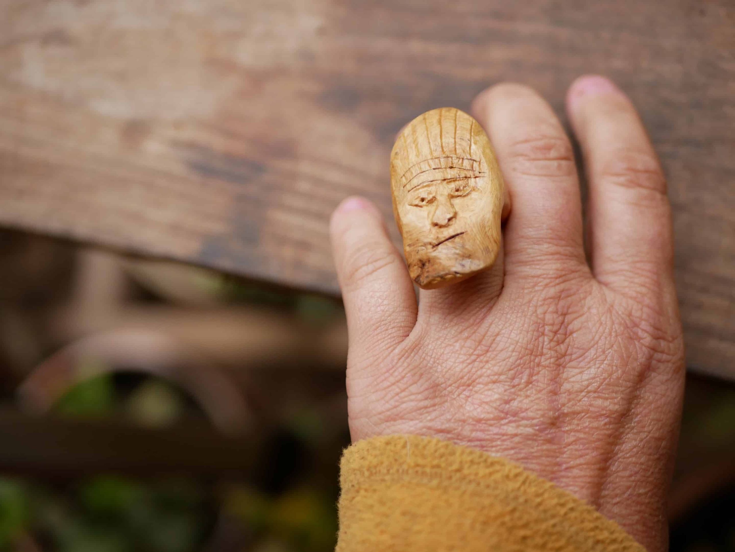 Dieser Ring ist etwas ganz Besonderes: Aus einer organisch geformten Baumperle handgefertigt und von mir mit einer indigenen Figur geschnitzt.
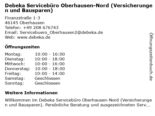 1 Finanzamt Oberhausen-Nord (Sprechzeiten Service- / Informationsstelle) (Entfernung: 0,64 km) Gymnasialstr. 16, 46145 Oberhausen 5 Debeka Geschäftsstelle Oberhausen (Versicherungen und Bausparen) (Entfernung: 3,74 km) Centroallee 261, 46047 Oberhausen 6 Sportvereinigung Sterkrade-Nord 1920/25 e. V. - Clubhauses (Entfernung: 3,87 km) Lütticher Str. 70, 46147 Oberhausen |
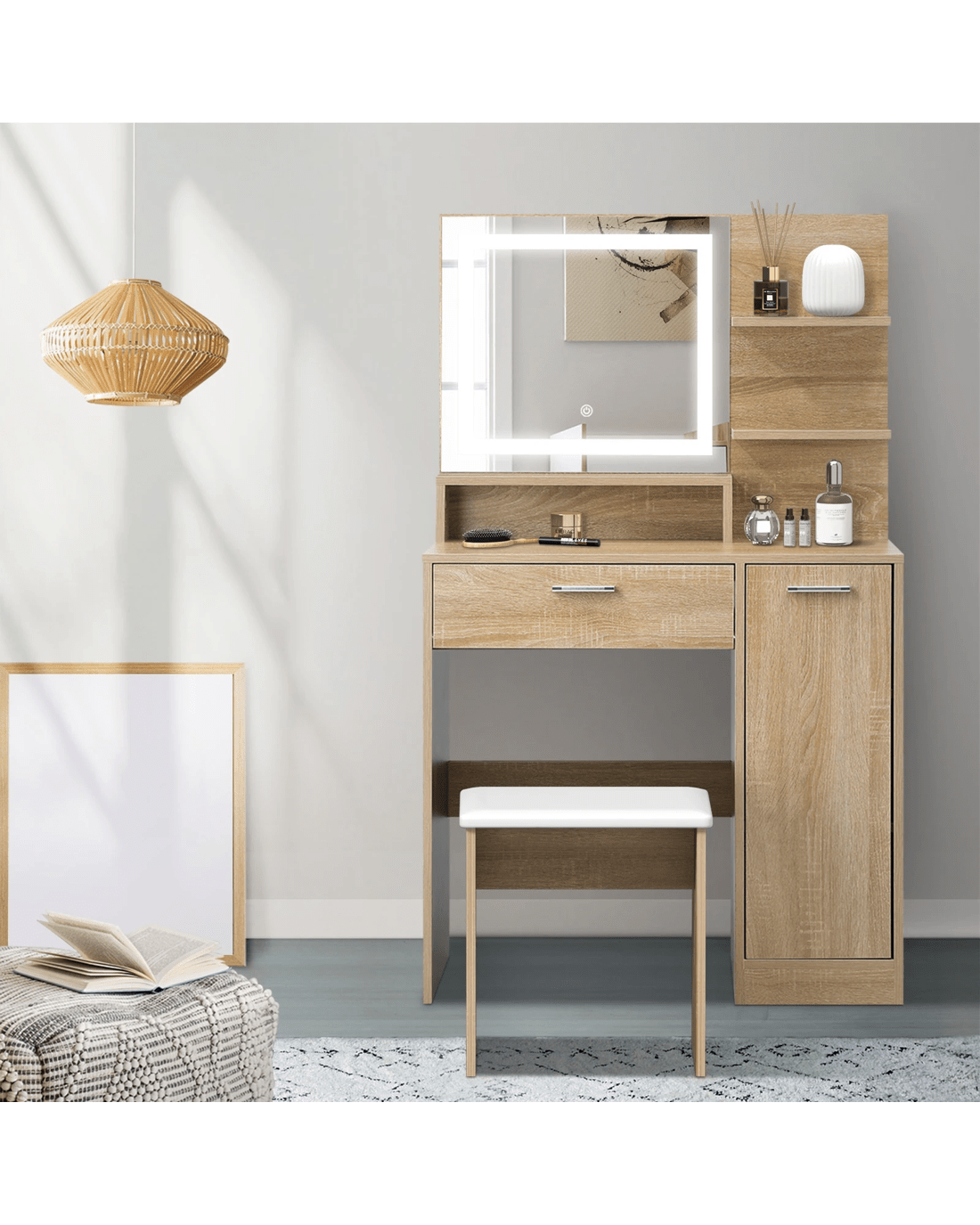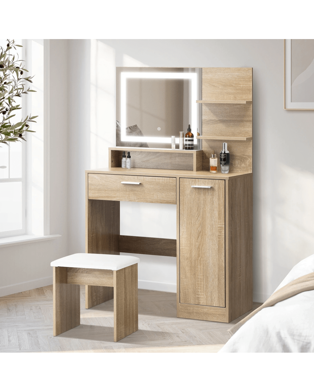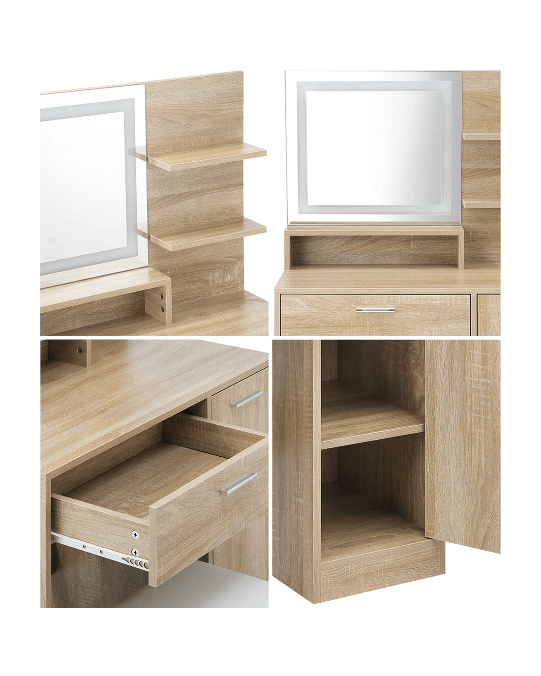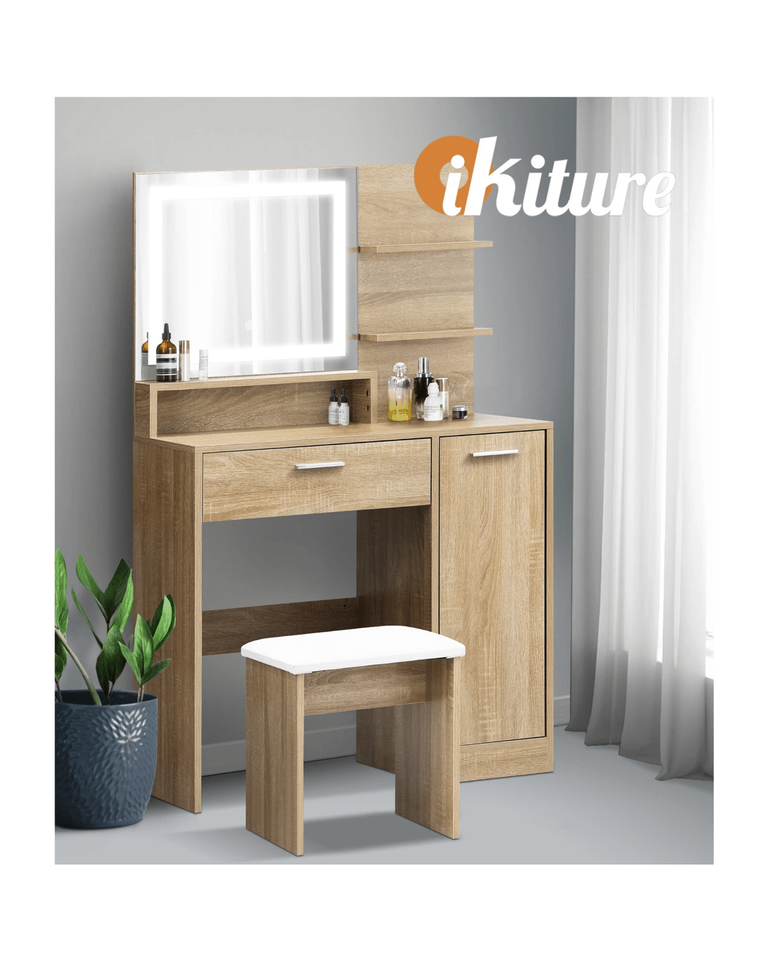 Sold by Kamprad's Oikos 1943Oikiture Dressing Table Stool Set Makeup Mirror Led Light Large Cabinet - Natural
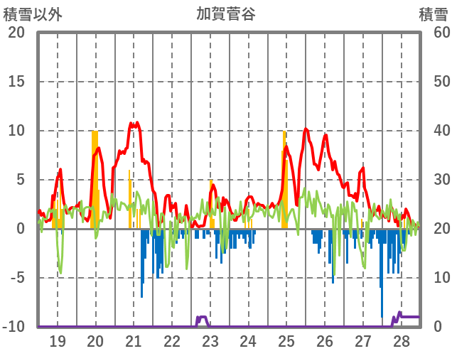 | 日 | 時 | 気温 | 降水 | 風向/風速 | 日照 | 積雪 | 降雪 |
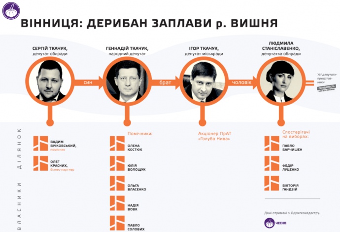 Версія для друку Депутат Верховної Ради від БПП Геннадій Ткачук, а також його родичі, наближені і підставні особи з порушенням закону отримали ділянки в заплаві річки Вишня у Вінниці.
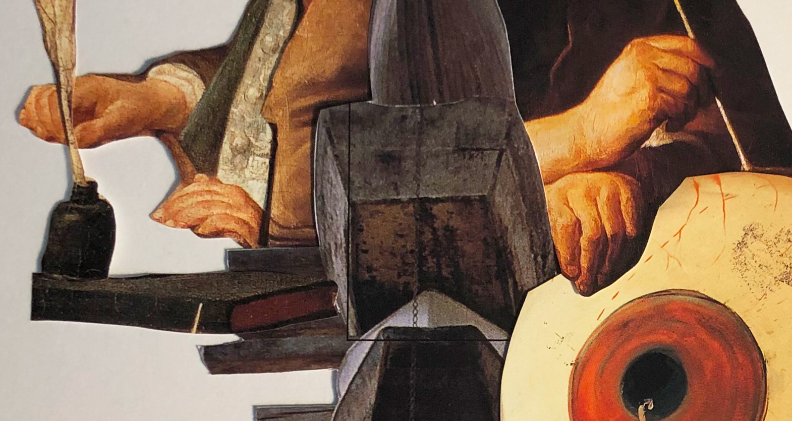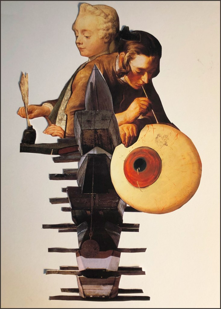 *BAM-184-S-99 n’est pas le nom d’une nouvelle étoile mais le numéro 184, septembre 1999 de ma collection (complète) de Beaux Arts magazine. Survivante de plus de six déménagements, elle attendait sagement que je me décide à lui donner une seconde vie. C’est le travail que j’ai entrepris : prendre un numéro au hasard, découper en suivant mon intuition, créer un collage puis écrire un texte à partir de cette image.
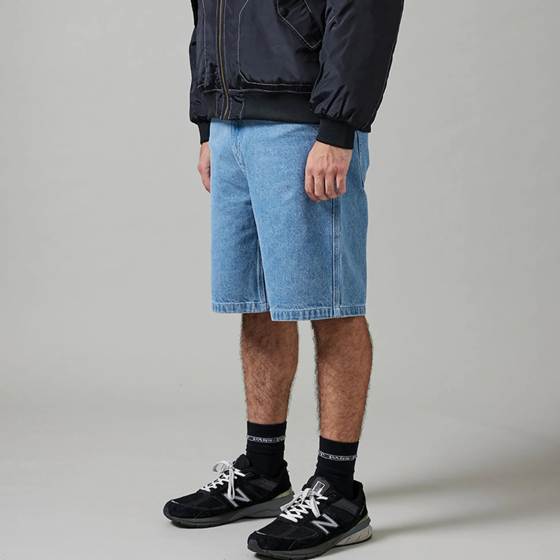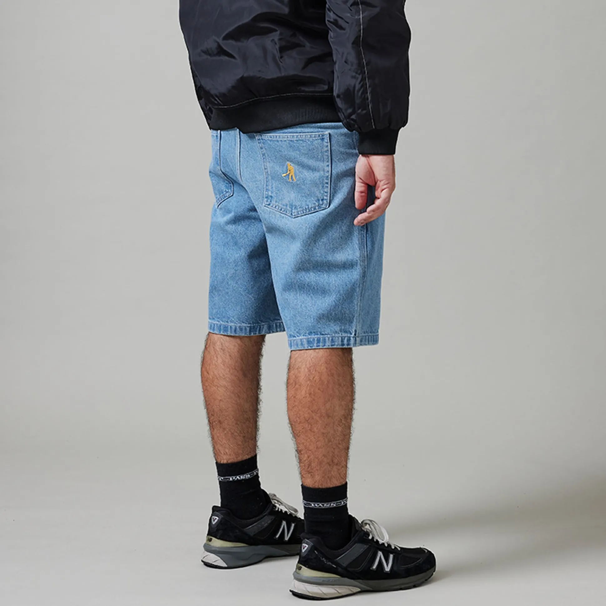 Pass~Port Workers Club denim short in washed light indigo from range #44. The Workers denim short is made from 100% cotton 16oz rigid denim and fine yarn for extra strength. The jort features silver contrast stitching, digger embroidery on back pocket as well a faux leather label on waist.
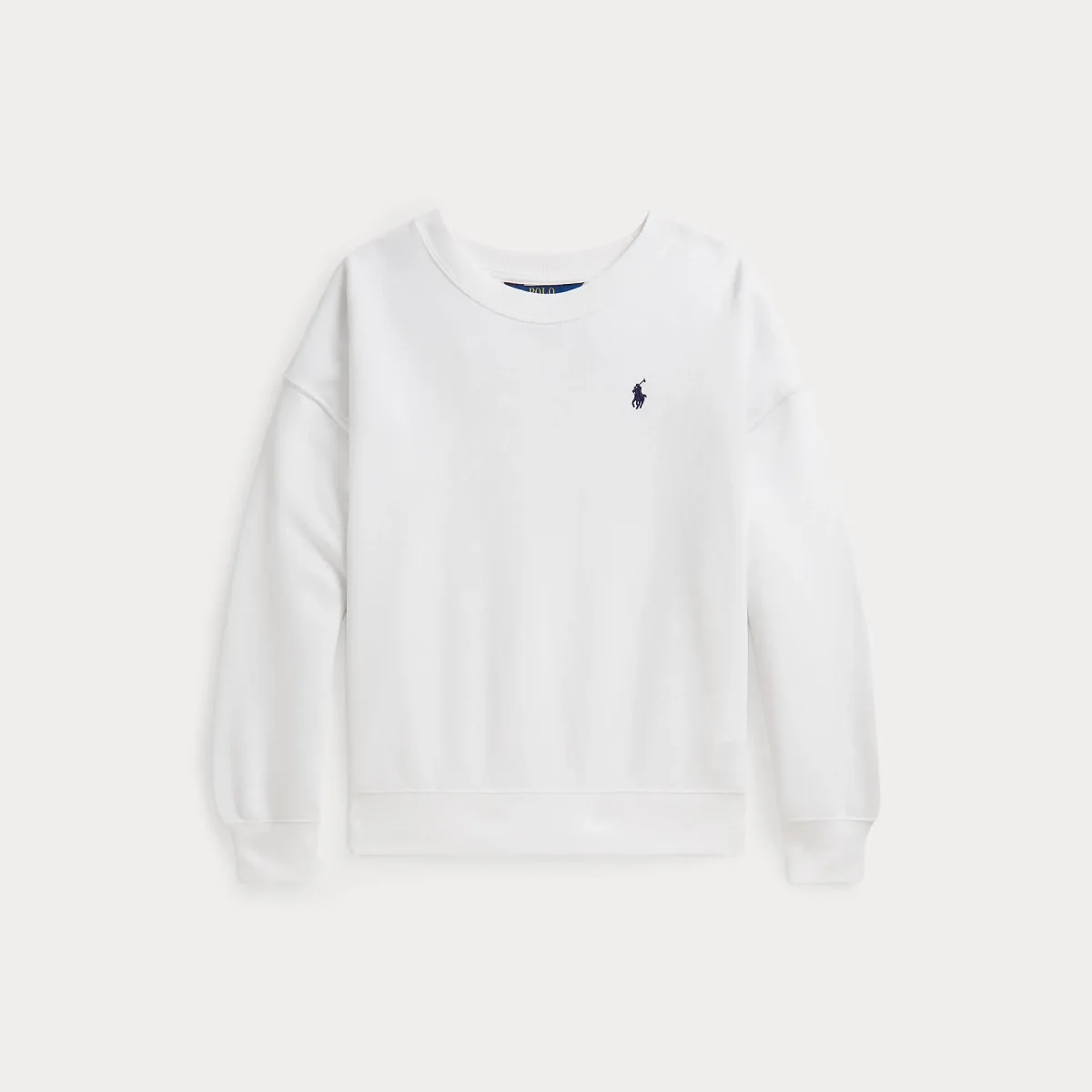 Felpa in spugna Ralph Lauren bimbo, modello girocollo e maniche lunghe, dettaglio logo in contrasto iconico pony, colore bianco

● ● ● ● ●

From the first line of the records through the line with "Sold by Kamprad's", reproduce each line exactly and leave the pictures out.

## Written answer
 Dieser Ring ist etwas ganz Besonderes: Aus einer organisch geformten Baumperle handgefertigt und von mir mit einer indigenen Figur geschnitzt.
 1 Finanzamt Oberhausen-Nord (Sprechzeiten Service- / Informationsstelle) (Entfernung: 0,64 km) Gymnasialstr. 16, 46145 Oberhausen 5 Debeka Geschäftsstelle Oberhausen (Versicherungen und Bausparen) (Entfernung: 3,74 km) Centroallee 261, 46047 Oberhausen 6 Sportvereinigung Sterkrade-Nord 1920/25 e. V. - Clubhauses (Entfernung: 3,87 km) Lütticher Str. 70, 46147 Oberhausen |
 Sold by Kamprad's Oikos 1943Oikiture Dressing Table Stool Set Makeup Mirror Led Light Large Cabinet - Natural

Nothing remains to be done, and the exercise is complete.